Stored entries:
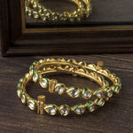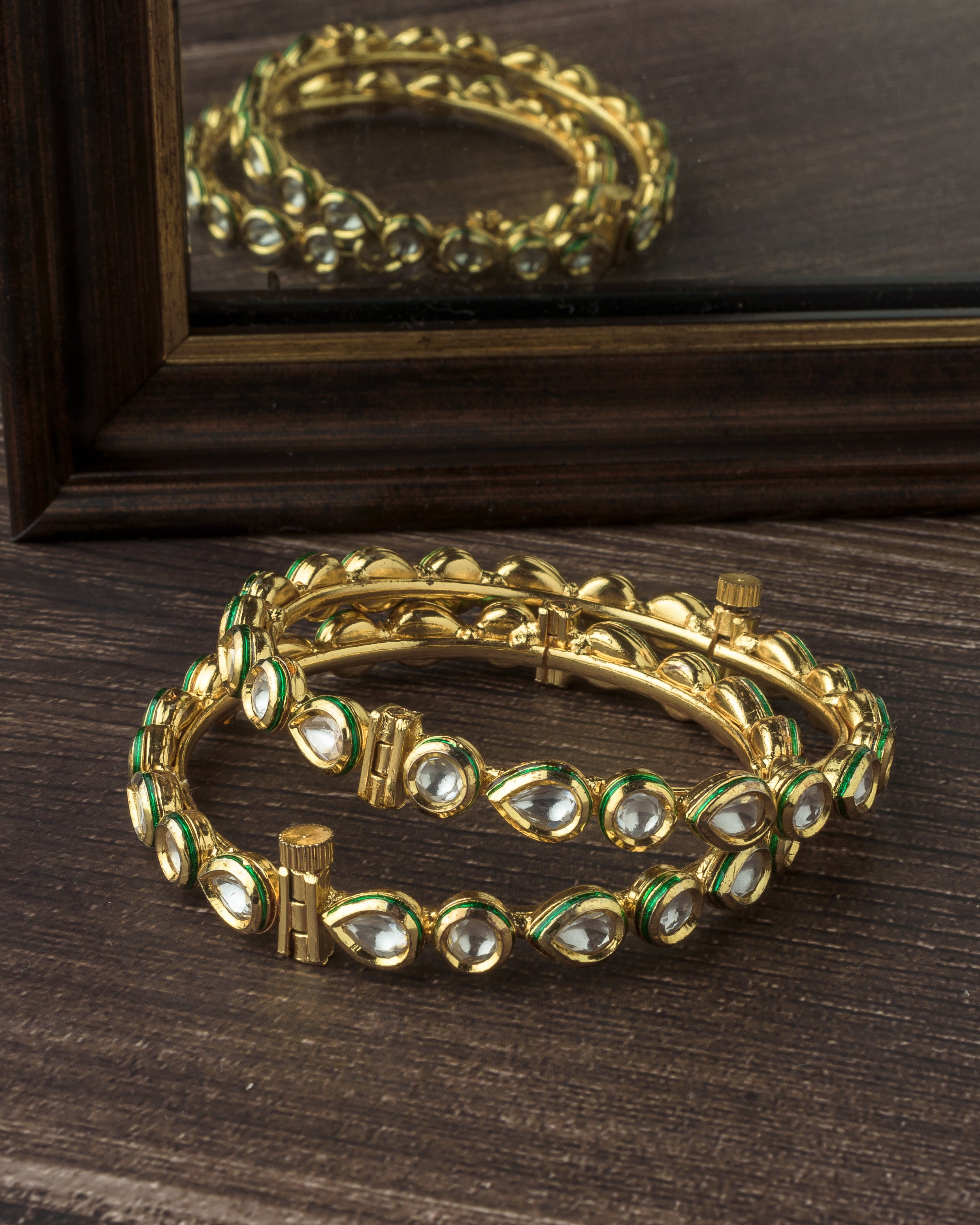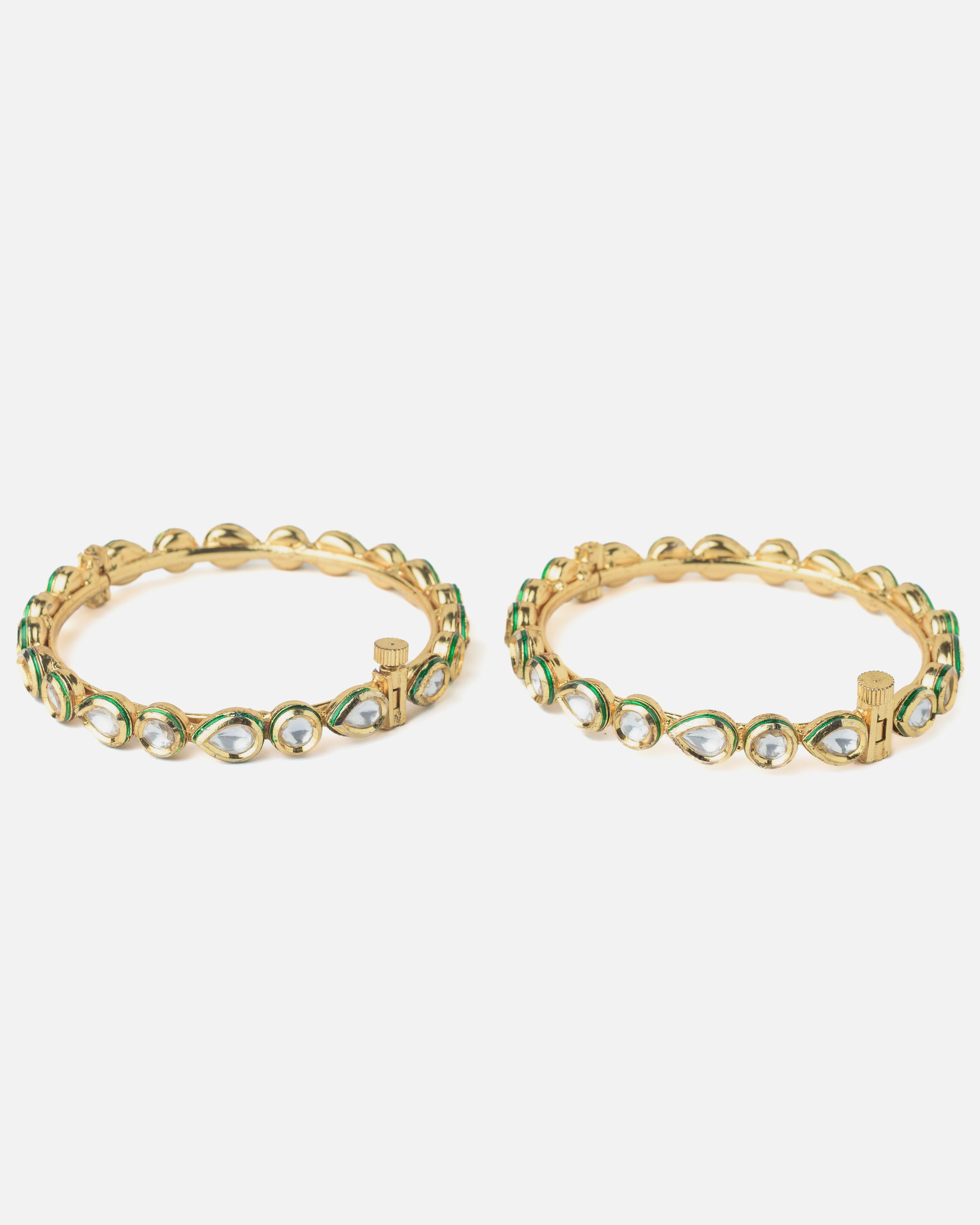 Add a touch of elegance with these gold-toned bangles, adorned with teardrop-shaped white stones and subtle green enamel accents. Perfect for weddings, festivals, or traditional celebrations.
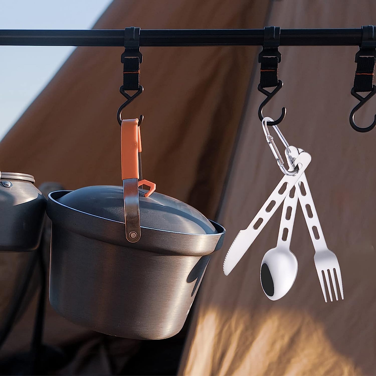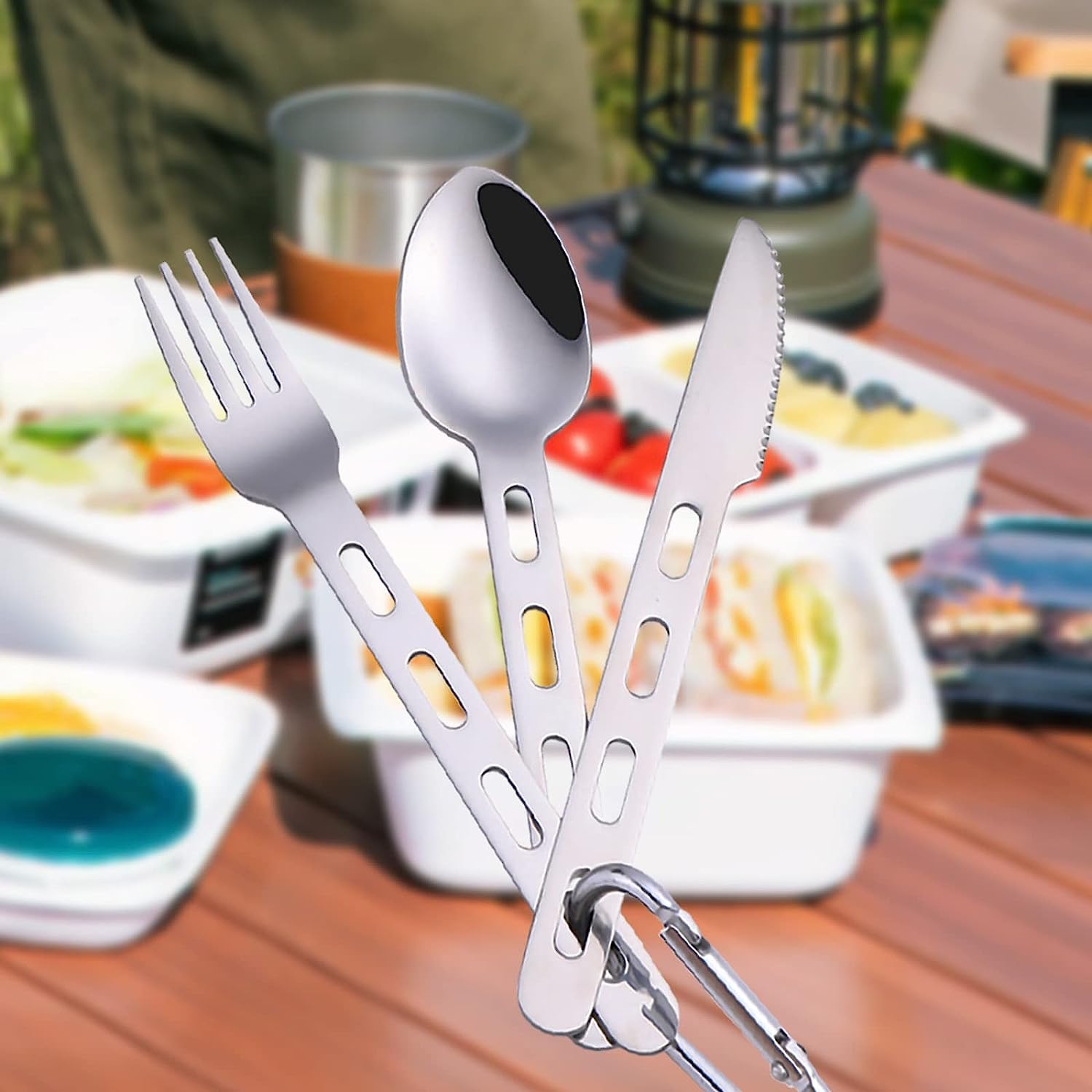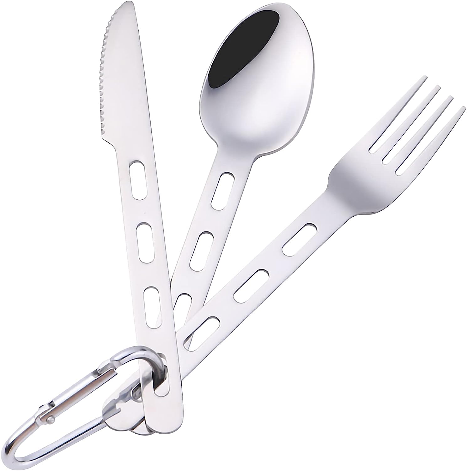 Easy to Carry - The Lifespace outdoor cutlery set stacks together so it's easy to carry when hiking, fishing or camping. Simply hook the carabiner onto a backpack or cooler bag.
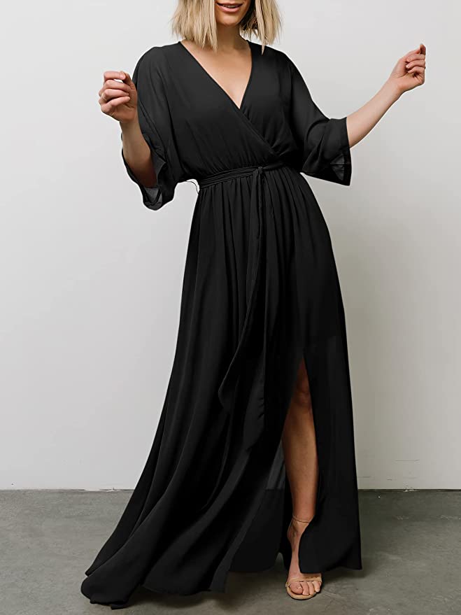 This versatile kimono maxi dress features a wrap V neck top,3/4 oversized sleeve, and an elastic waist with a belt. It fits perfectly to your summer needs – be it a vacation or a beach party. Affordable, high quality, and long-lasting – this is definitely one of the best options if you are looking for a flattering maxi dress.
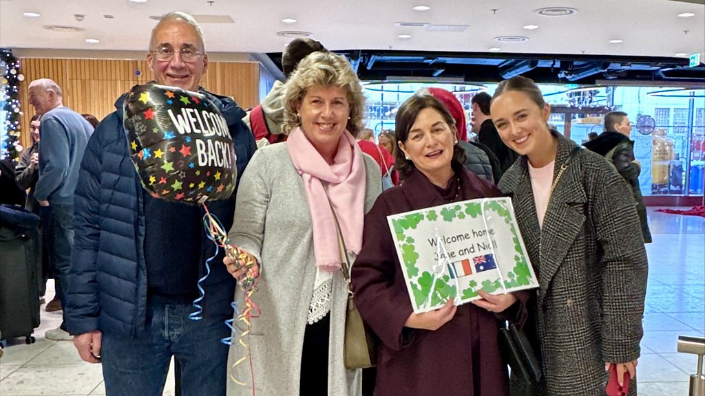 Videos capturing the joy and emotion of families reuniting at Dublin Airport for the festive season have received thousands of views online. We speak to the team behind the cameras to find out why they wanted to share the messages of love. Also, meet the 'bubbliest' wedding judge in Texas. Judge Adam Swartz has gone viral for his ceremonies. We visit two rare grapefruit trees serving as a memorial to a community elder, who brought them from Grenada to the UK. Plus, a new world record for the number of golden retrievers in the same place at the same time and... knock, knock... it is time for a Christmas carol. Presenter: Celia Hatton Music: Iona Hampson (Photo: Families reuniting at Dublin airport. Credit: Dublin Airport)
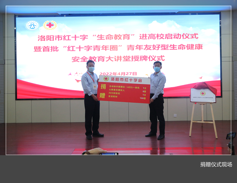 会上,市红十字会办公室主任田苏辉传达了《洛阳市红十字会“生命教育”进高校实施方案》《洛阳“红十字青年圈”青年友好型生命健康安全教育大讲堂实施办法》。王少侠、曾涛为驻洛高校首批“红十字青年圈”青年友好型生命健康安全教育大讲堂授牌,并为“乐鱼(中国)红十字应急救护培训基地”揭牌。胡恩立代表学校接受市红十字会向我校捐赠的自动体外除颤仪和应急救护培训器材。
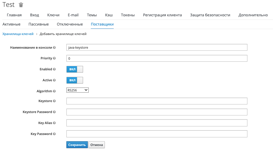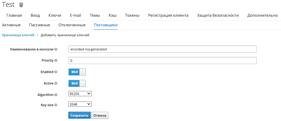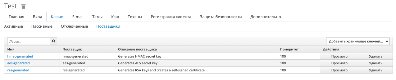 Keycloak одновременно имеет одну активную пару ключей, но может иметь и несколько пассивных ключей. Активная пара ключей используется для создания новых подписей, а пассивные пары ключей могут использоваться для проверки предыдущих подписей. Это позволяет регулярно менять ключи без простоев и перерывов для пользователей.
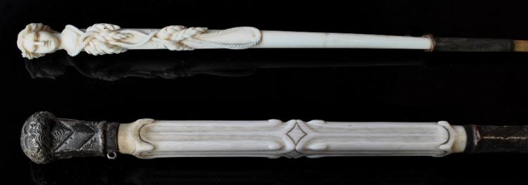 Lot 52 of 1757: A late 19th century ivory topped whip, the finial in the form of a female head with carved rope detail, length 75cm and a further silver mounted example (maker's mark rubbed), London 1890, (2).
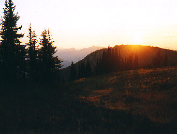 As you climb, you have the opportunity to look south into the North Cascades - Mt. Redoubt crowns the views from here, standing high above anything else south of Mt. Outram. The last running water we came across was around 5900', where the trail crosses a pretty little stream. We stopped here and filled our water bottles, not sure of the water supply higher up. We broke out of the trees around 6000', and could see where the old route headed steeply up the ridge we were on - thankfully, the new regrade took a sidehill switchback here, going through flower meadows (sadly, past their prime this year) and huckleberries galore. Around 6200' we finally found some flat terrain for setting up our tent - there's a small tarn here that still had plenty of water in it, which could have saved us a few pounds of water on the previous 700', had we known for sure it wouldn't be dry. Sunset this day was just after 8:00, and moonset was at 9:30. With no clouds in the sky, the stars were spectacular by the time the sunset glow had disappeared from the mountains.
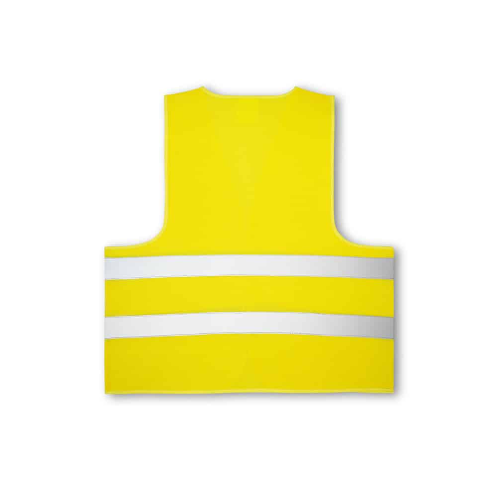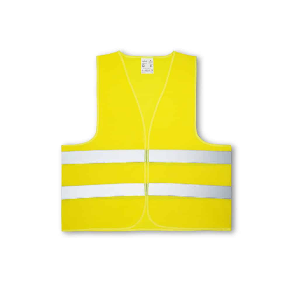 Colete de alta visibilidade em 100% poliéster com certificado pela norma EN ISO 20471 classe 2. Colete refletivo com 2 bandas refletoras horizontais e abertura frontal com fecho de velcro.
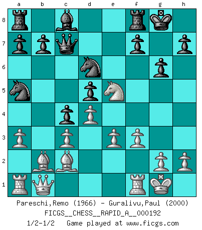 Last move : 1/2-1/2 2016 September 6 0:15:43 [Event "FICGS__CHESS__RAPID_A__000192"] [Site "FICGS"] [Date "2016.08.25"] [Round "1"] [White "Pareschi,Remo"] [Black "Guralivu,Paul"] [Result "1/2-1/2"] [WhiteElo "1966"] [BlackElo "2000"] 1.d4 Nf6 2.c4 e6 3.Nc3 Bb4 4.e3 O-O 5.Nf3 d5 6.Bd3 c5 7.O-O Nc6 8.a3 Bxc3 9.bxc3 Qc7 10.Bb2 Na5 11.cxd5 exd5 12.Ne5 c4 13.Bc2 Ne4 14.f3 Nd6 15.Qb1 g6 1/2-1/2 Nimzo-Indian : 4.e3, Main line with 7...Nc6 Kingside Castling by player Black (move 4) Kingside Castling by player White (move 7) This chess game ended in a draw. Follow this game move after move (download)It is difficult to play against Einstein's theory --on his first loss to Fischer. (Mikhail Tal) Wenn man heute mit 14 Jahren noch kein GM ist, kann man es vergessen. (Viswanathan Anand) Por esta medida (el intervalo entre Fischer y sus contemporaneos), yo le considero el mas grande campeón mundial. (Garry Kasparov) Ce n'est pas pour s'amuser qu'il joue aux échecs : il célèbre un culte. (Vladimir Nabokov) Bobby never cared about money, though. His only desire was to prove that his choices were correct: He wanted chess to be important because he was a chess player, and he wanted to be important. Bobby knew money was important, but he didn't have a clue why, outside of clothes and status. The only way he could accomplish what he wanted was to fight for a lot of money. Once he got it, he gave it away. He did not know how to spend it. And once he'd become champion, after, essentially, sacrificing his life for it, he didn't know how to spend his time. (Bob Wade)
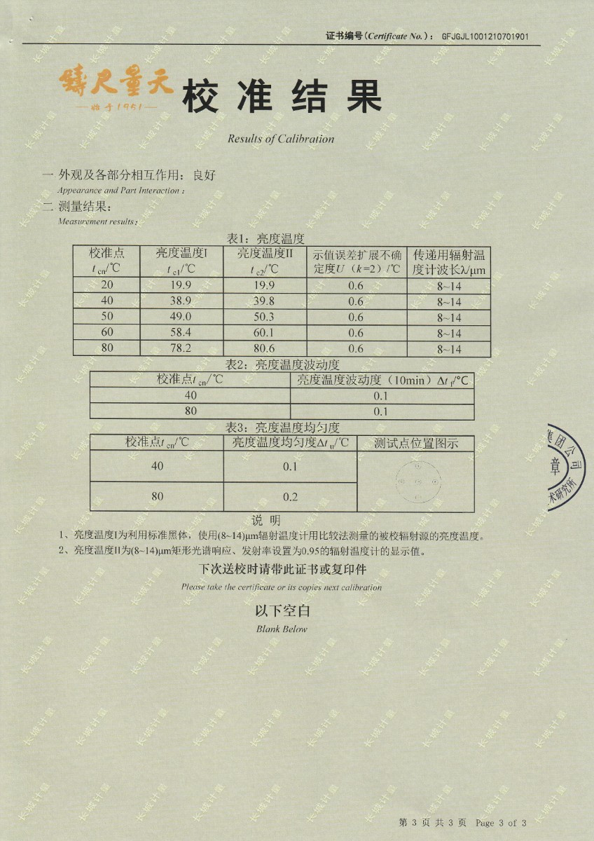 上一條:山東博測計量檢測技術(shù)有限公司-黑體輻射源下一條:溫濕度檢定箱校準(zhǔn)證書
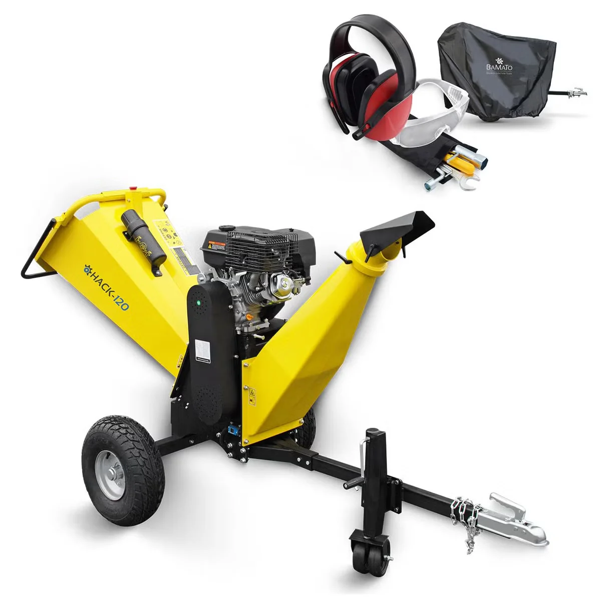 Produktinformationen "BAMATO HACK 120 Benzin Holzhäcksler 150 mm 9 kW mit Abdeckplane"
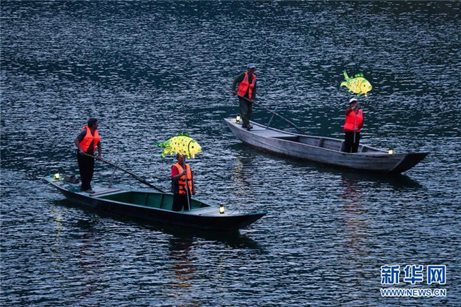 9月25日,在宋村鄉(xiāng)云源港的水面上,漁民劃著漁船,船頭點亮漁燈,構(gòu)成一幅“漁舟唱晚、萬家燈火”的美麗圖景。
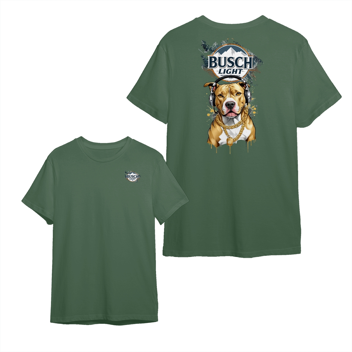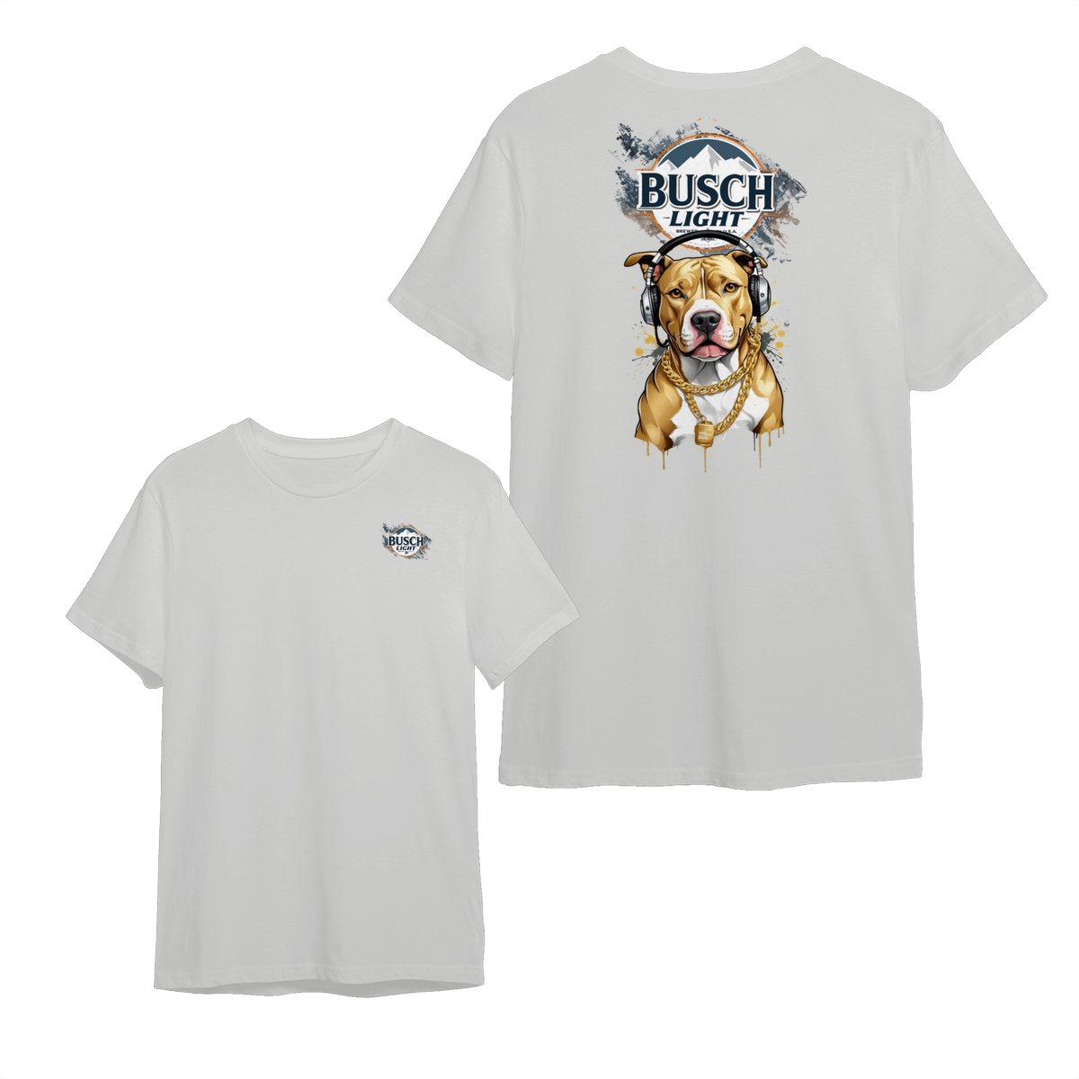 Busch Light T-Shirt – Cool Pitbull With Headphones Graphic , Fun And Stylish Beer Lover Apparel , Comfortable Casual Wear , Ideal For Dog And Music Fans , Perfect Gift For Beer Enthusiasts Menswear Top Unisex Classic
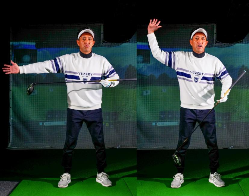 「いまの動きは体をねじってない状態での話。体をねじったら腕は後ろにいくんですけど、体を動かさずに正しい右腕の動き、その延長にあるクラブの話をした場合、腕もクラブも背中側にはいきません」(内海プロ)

__WORK TASK__:
The answer must be an exact copy of the lines from the start of the records above through the line containing "This versatile kimono", with no pictures in it.

__SOLUTION FOR THIS TASK__:
 Add a touch of elegance with these gold-toned bangles, adorned with teardrop-shaped white stones and subtle green enamel accents. Perfect for weddings, festivals, or traditional celebrations.
 Easy to Carry - The Lifespace outdoor cutlery set stacks together so it's easy to carry when hiking, fishing or camping. Simply hook the carabiner onto a backpack or cooler bag.
 This versatile kimono maxi dress features a wrap V neck top,3/4 oversized sleeve, and an elastic waist with a belt. It fits perfectly to your summer needs – be it a vacation or a beach party. Affordable, high quality, and long-lasting – this is definitely one of the best options if you are looking for a flattering maxi dress.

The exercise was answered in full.